Raw data
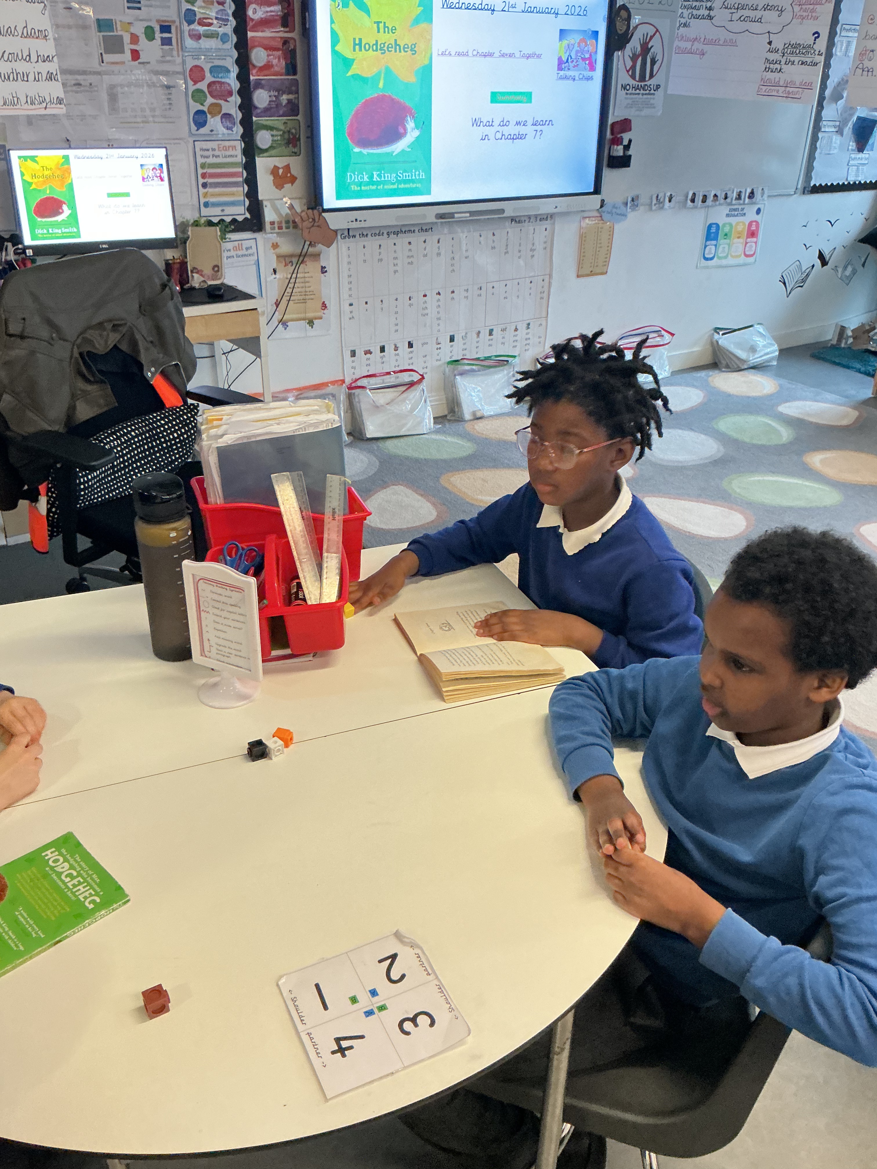 This term in reading comprehension, Year 3 have been using Kagan Talking Chips to share ideas and predictions for The Hodgeheg and The Boy Who Grew Dragons. Each child places a chip in the middle before speaking, making sure everyone gets a turn. This Kagan stragegy encourages careful listening, respectful turn-taking, and thoughtful responses, helping all pupils gain confidence and contribute meaningfully to discussions.
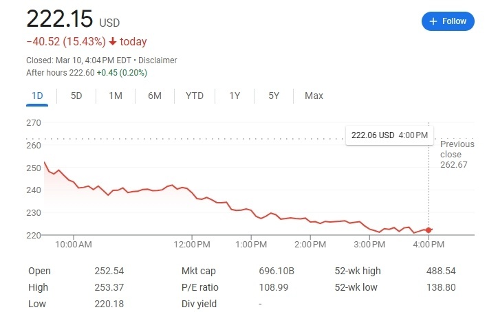 △截至美東時間10日收盤,特斯拉股價跌至每股222.06美元,當日跌幅達15.43%。
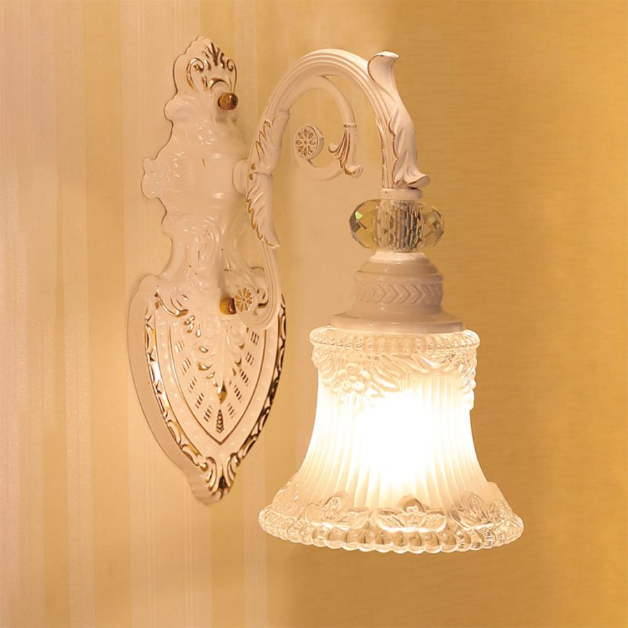Mẫu đèn tường cổ điển có thân chất liệu gốm, còn chao đèn sử dụng chất liệu thủy tinh cao cấp, đem đến vẻ đẹp lung linh, sang trọng cho không gian của bạn. Chao đèn thủy tinh trong suốt giúp ánh sáng được dịu đi, đem đến cảm giác thư giản cho bạn trong các hoạt động hàng ngày. Đèn sử dụng ở phòng khách, phòng ngủ, bàn làm việc…
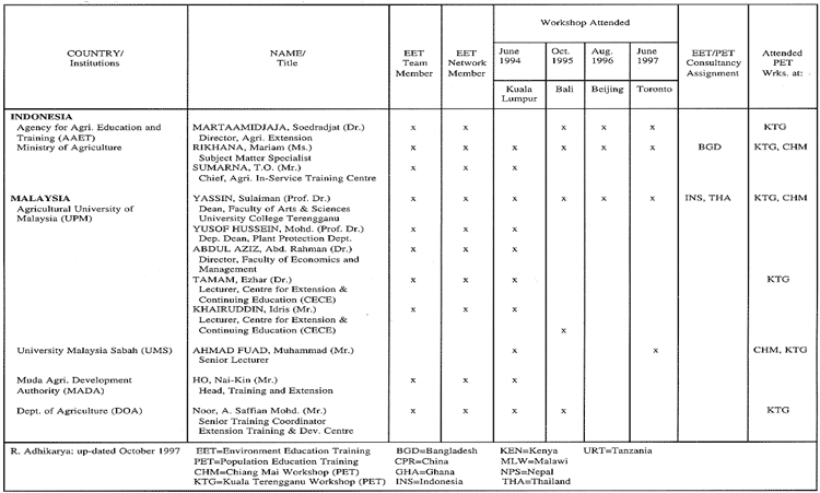 Furthermore, a panel of EET resource persons, highly qualified and experienced in relevant fields such as environment, agriculture extension, education, training and communication, has been established to provide "on-demand" advisory, consultative and trouble-shooting services. They have provided useful ideas and suggestions during EET regional and national workshops and made objective assessments and comments to participating training institutions for improving their EET activities. The list of EET participating institutions and EET key network members as of October 1997 is shown in Annex 2.
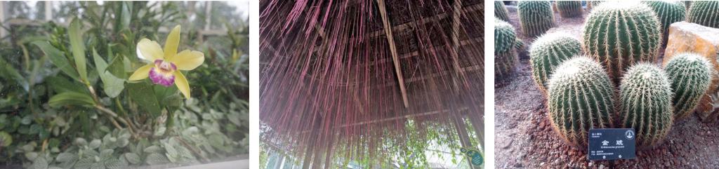 图9 温室兰花(左)、锦屏藤(张明明摄)、金琥(彭越摄)
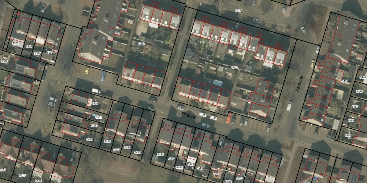 Het perceel waarop Plataan 9 staat heeft een oppervlakte van 2817 m². Dit is een zeer groot perceel. De perceeloppervlakte wordt geregistreerd door het Kadaster. Gedetailleerde informatie over de maten van dit perceel kunt u vinden in het rapport Kadastrale kaart met maatvoering van Plataan 9.
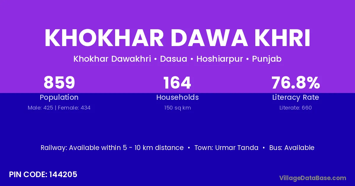 Urmar Tanda is the nearest town to Khokhar Dawa Khri village for major economic activities
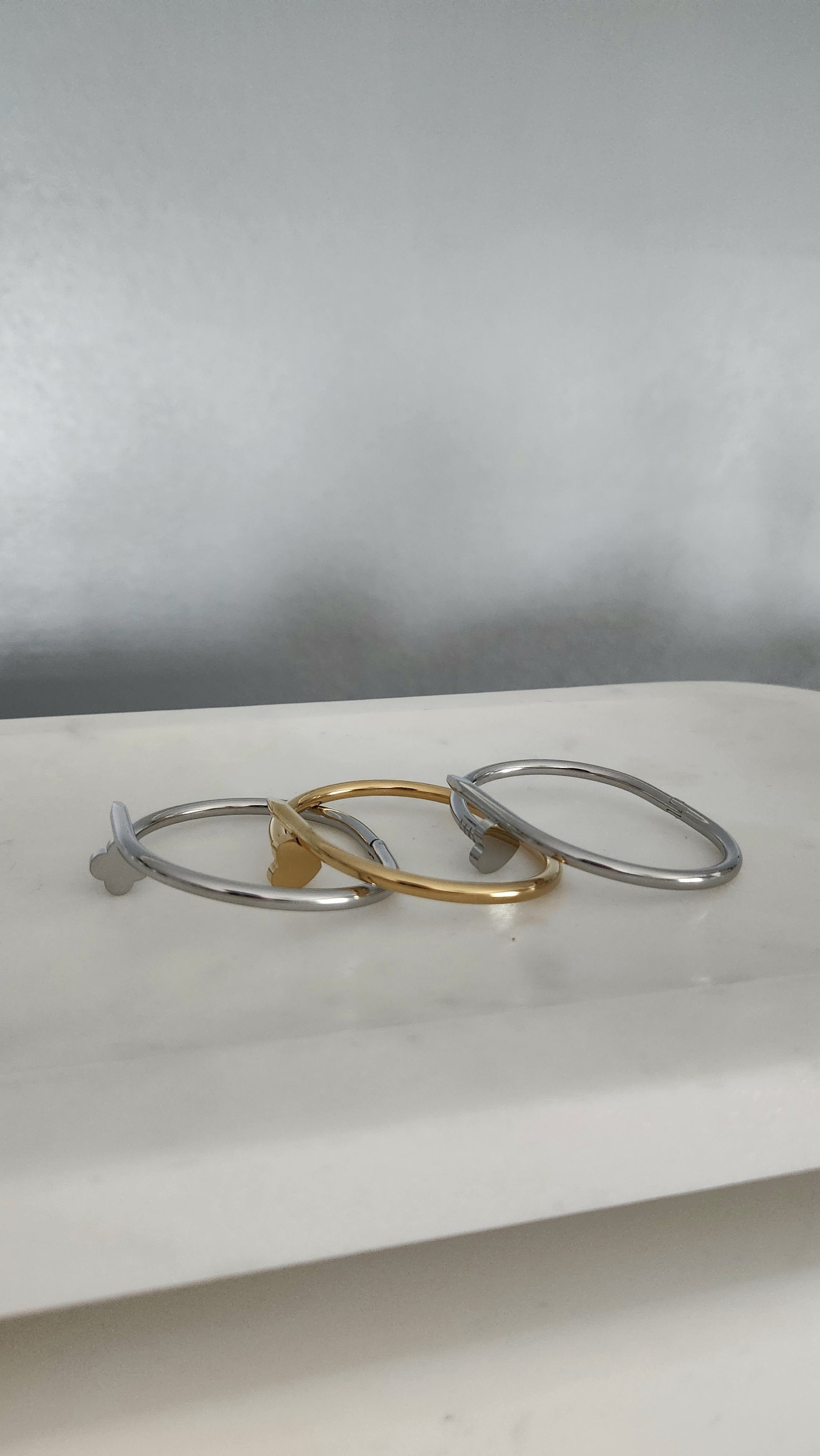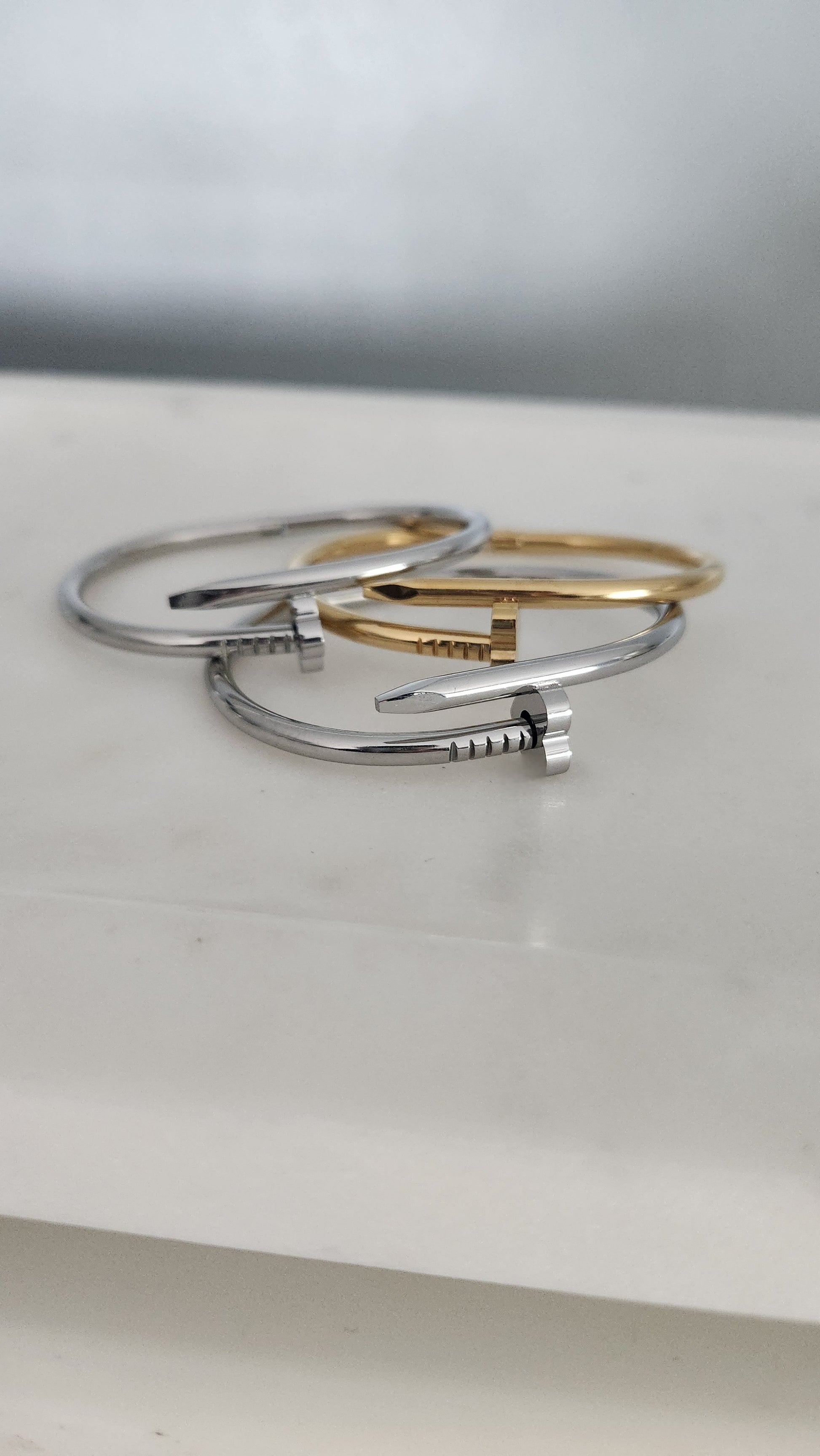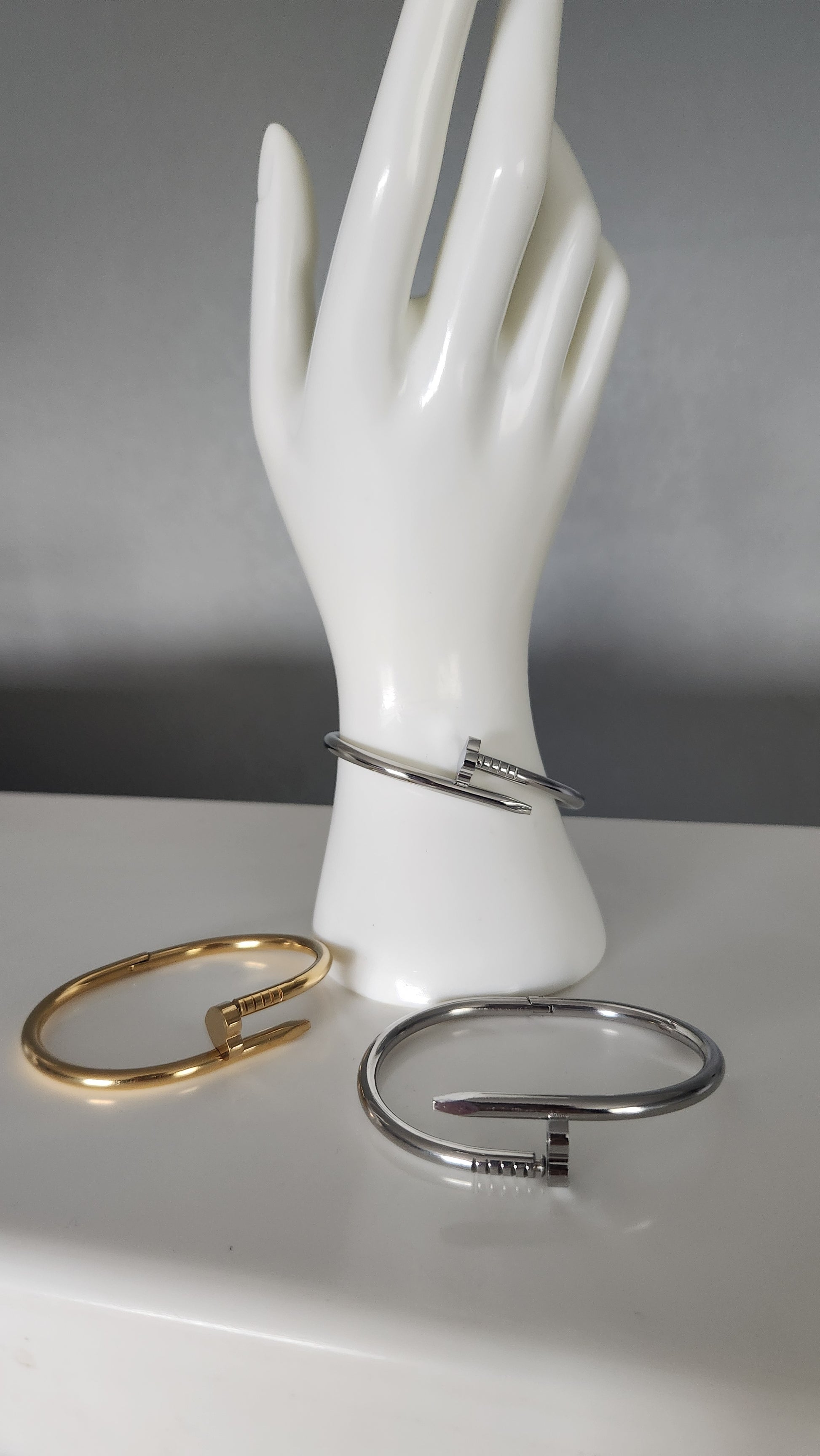 Meet the Clavo Bangle, where nail art meets wrist bling! This playful piece features a quirky nail design and a handy snap closure. Available in stainless steel or gold-plated, it’s the perfect choice for those who love a little heart or clover detail. Wear it and let your style do the talking!
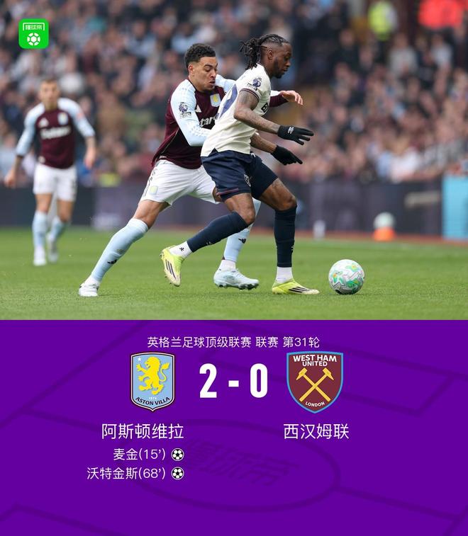 - 維拉2-0西漢姆聯(lián),麥金破門,沃特金斯進(jìn)球
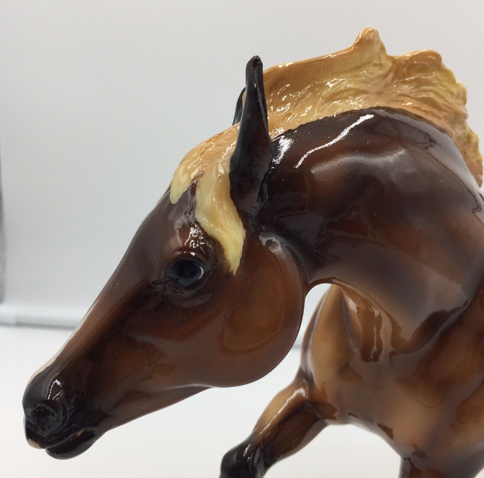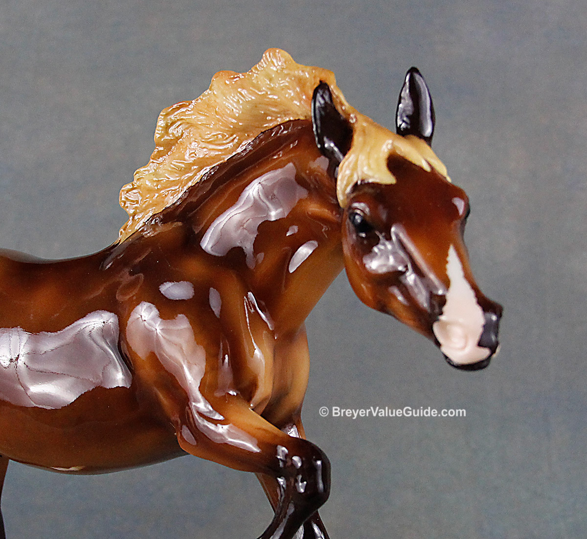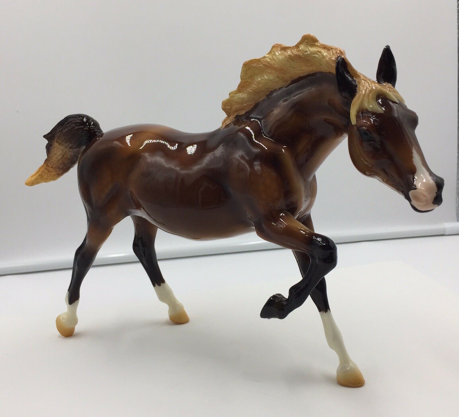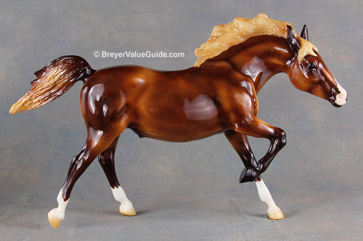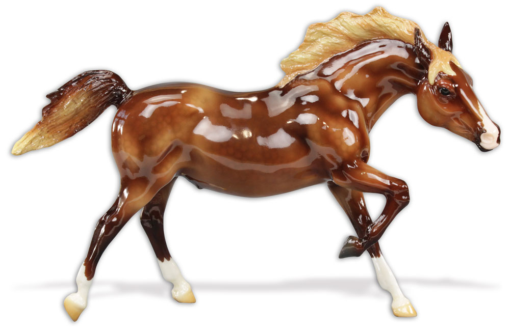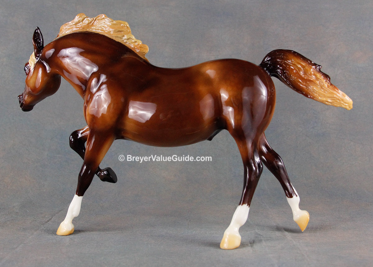 Glossy dark chestnut; dapples; flaxen mane and tail; snip; 3 socks; Live Show Benefit Raffle Model SR; 1/48
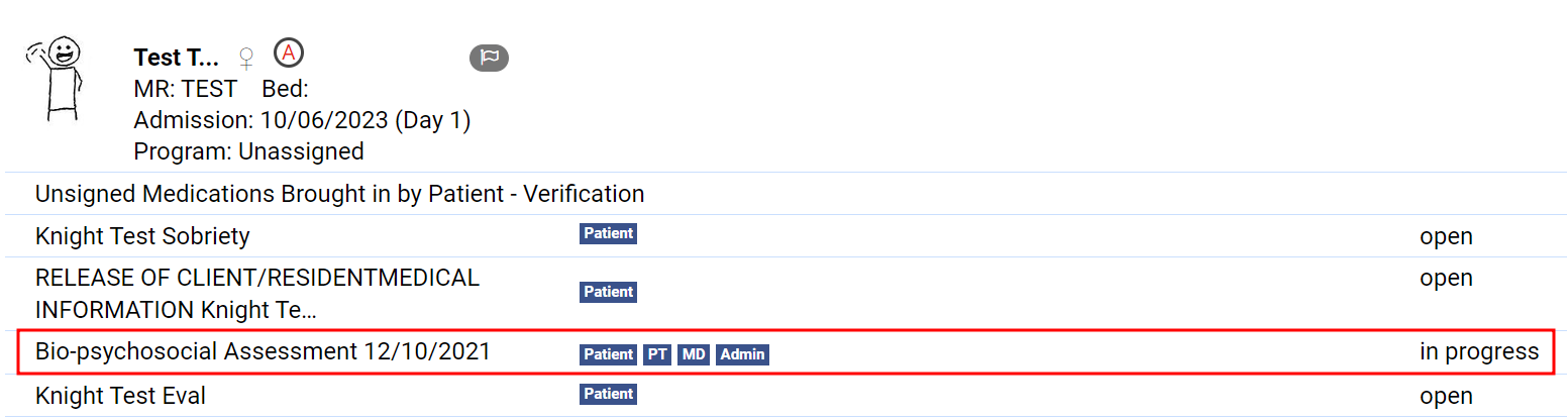 - The forms that need attention will appear in a list under the patient's information.

What you need to do
Only an exact copy belongs in the answer: the lines from the one containing "Glossy dark chestnut;" through the end of the records, both ends included, minus the pictures.

Answer box
 Glossy dark chestnut; dapples; flaxen mane and tail; snip; 3 socks; Live Show Benefit Raffle Model SR; 1/48
 - The forms that need attention will appear in a list under the patient's information.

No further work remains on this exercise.